DATA BLOCK:
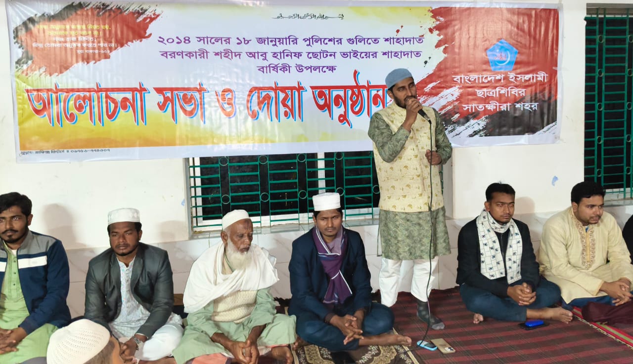 বাংলাদেশ ইসলামী ছাত্রশিবিরের কর্মী ও ২০৫তম শহীদ আবু হানিফ ছোটনের শাহাদাত বার্ষিকীতে তাঁর পরিবারের সঙ্গে সাক্ষাৎ করেছেন বাংলাদেশ ইসলামী ছাত্রশিবির সাতক্ষীরা শহর শাখার নেতৃবৃন্দ।
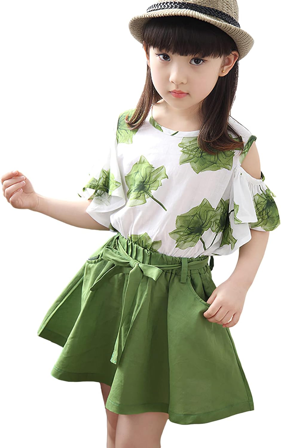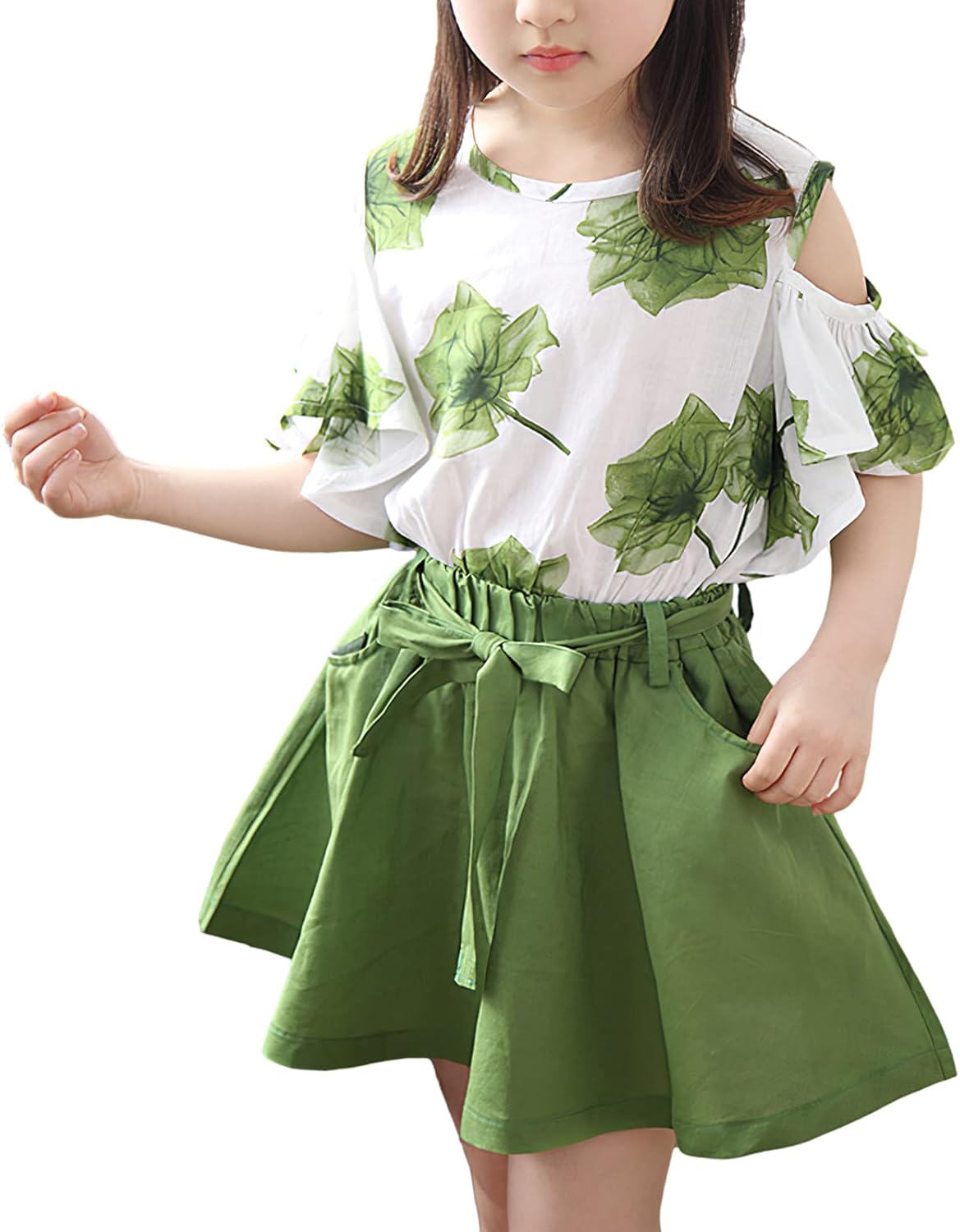 Girls Summer Flower Clothes Set Ruffle Sleeve T-Shirts and Mini Skirt 2Pcs Outfits for Age 3-12 Years
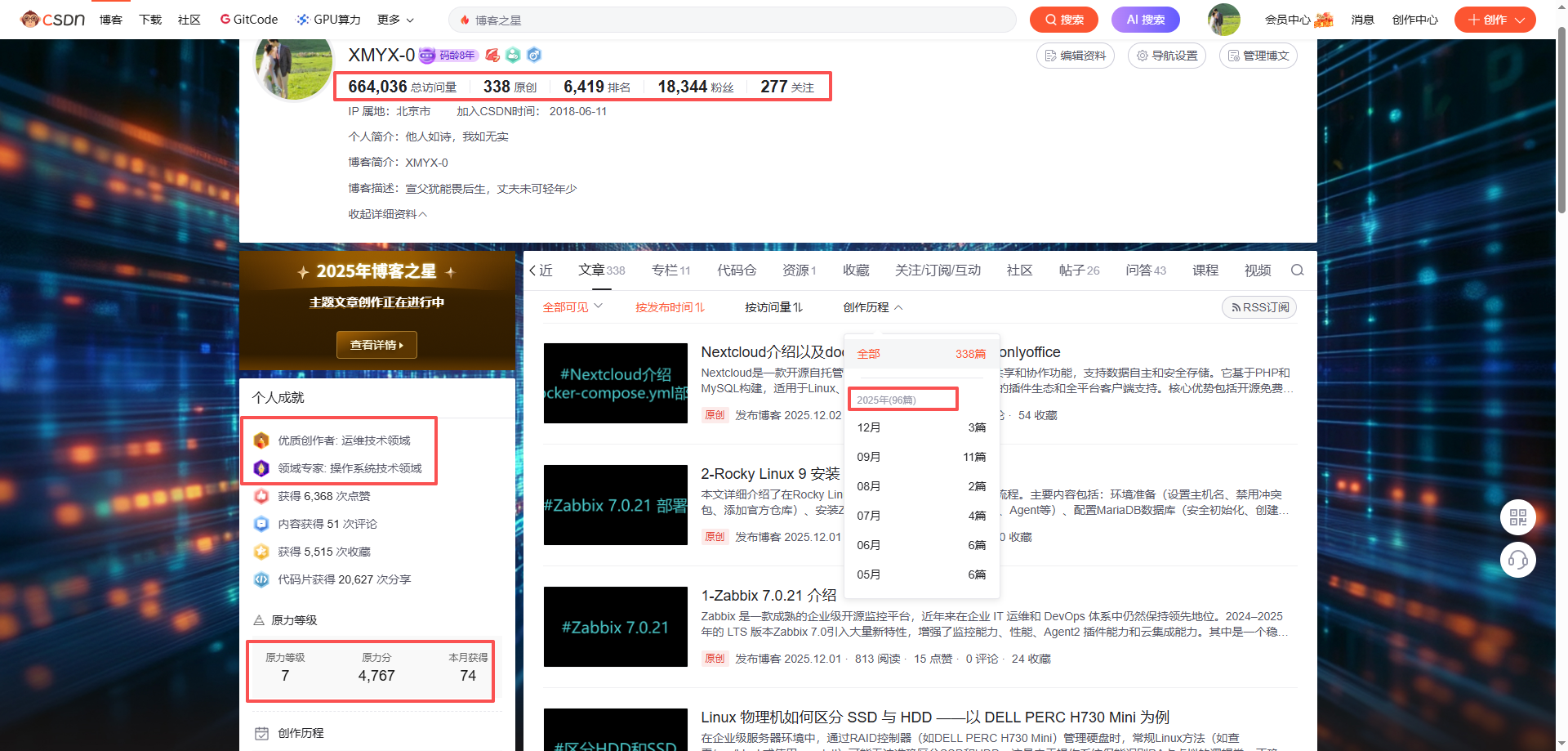 我在 2018 年加入 CSDN,至今码龄 8 年,今年一共输出了 96 篇技术文章,主要聚焦在 Linux、Kubernetes 以及生产环境运维实践上。目前已通过【运维】与【操作系统】领域认证。

WHAT YOU SHOULD DO:
The output must match, line for line, the span from the line containing "Girls Summer Flower" through the end of the data, with the pictures removed.

SOLUTION:
 Girls Summer Flower Clothes Set Ruffle Sleeve T-Shirts and Mini Skirt 2Pcs Outfits for Age 3-12 Years
 我在 2018 年加入 CSDN,至今码龄 8 年,今年一共输出了 96 篇技术文章,主要聚焦在 Linux、Kubernetes 以及生产环境运维实践上。目前已通过【运维】与【操作系统】领域认证。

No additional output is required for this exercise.